*Given material*

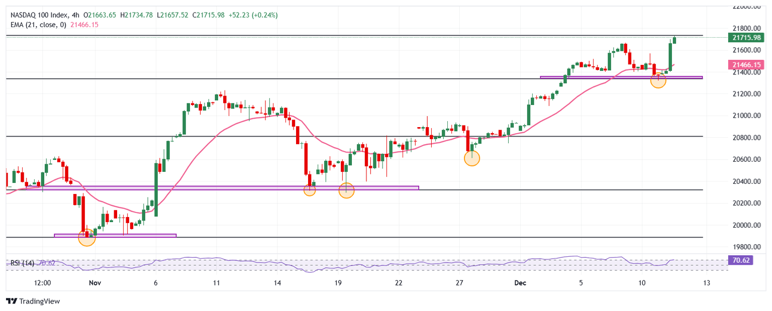El índice tecnológico Nasdaq 100 repunta un 1.70% en la jornada del miércoles, alcanzando nuevos máximos históricos en 21.736.
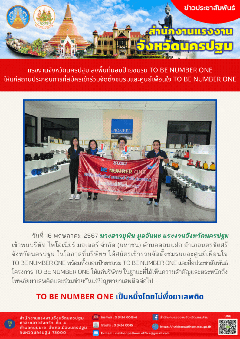 สรจ.นครปฐม ลงพื้นที่มอบป้ายชมรม TO BE NUMBER ONE ให้แก่สถานประกอบการที่สมัครเข้าร่วมจัดตั้งชมรมและศูนย์เพื่อนใจ TO BE NUMBER ONE
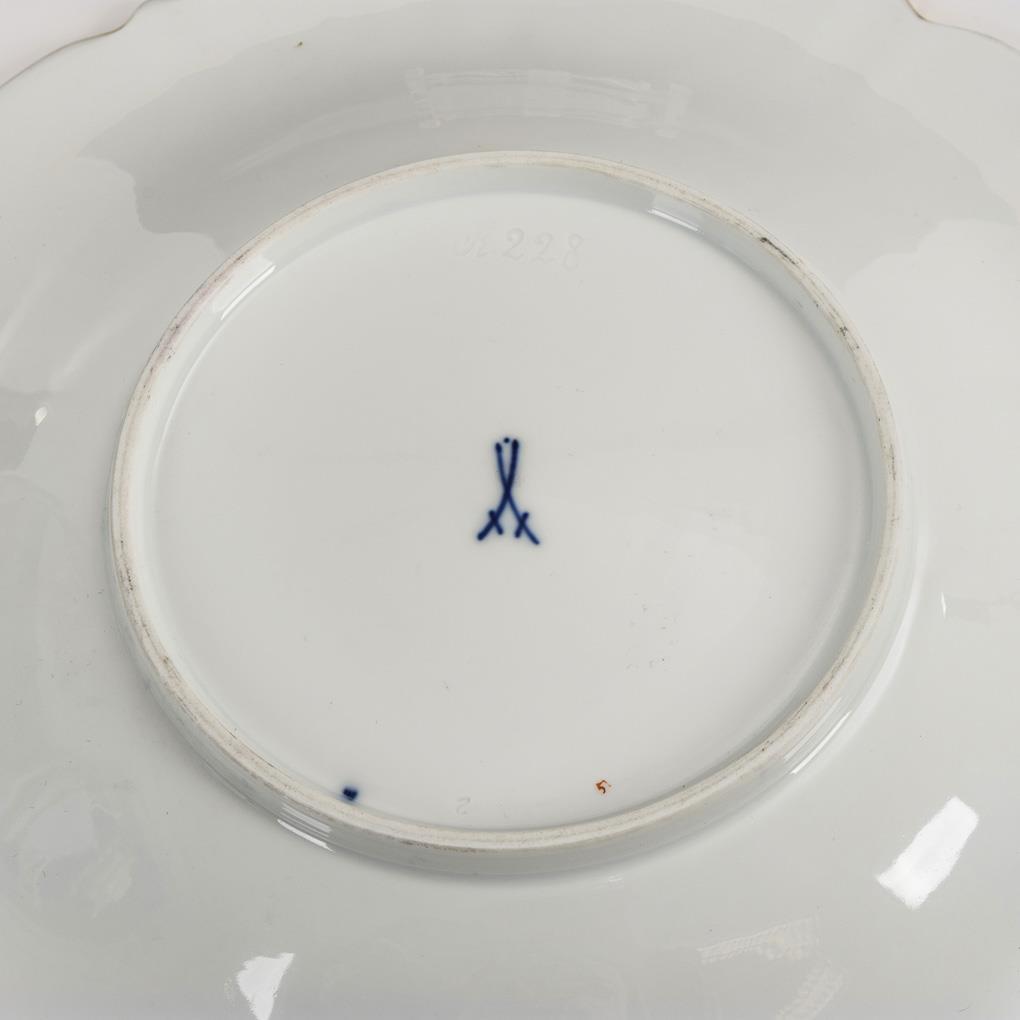 Teller mit passigem Rand und Floralrelief, im Spiegel eine Rosenblüte. Minimaler Goldabrieb.
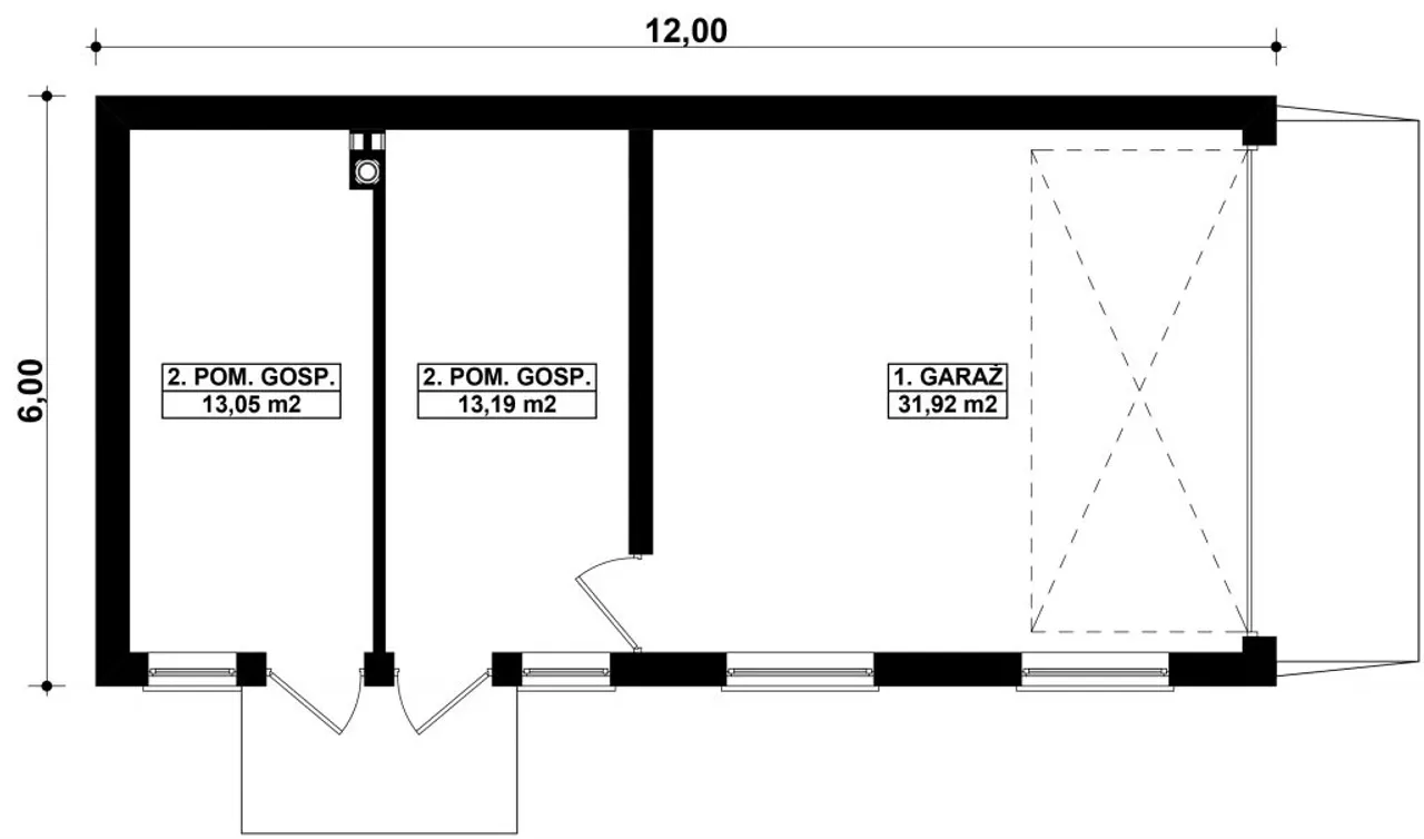Wypełnij formularz i otrzymaj rysunki w pdf z dokładnymi wymiarami budynku i pomieszczeń (długość, szerokość, wysokość) dla projektu G378 - Budynek garażowo-gospodarczy

*Work instructions*
Copy the material verbatim. The pictures are not part of the copy.

*Exercise solution*
El índice tecnológico Nasdaq 100 repunta un 1.70% en la jornada del miércoles, alcanzando nuevos máximos históricos en 21.736.
 สรจ.นครปฐม ลงพื้นที่มอบป้ายชมรม TO BE NUMBER ONE ให้แก่สถานประกอบการที่สมัครเข้าร่วมจัดตั้งชมรมและศูนย์เพื่อนใจ TO BE NUMBER ONE
 Teller mit passigem Rand und Floralrelief, im Spiegel eine Rosenblüte. Minimaler Goldabrieb.
Wypełnij formularz i otrzymaj rysunki w pdf z dokładnymi wymiarami budynku i pomieszczeń (długość, szerokość, wysokość) dla projektu G378 - Budynek garażowo-gospodarczy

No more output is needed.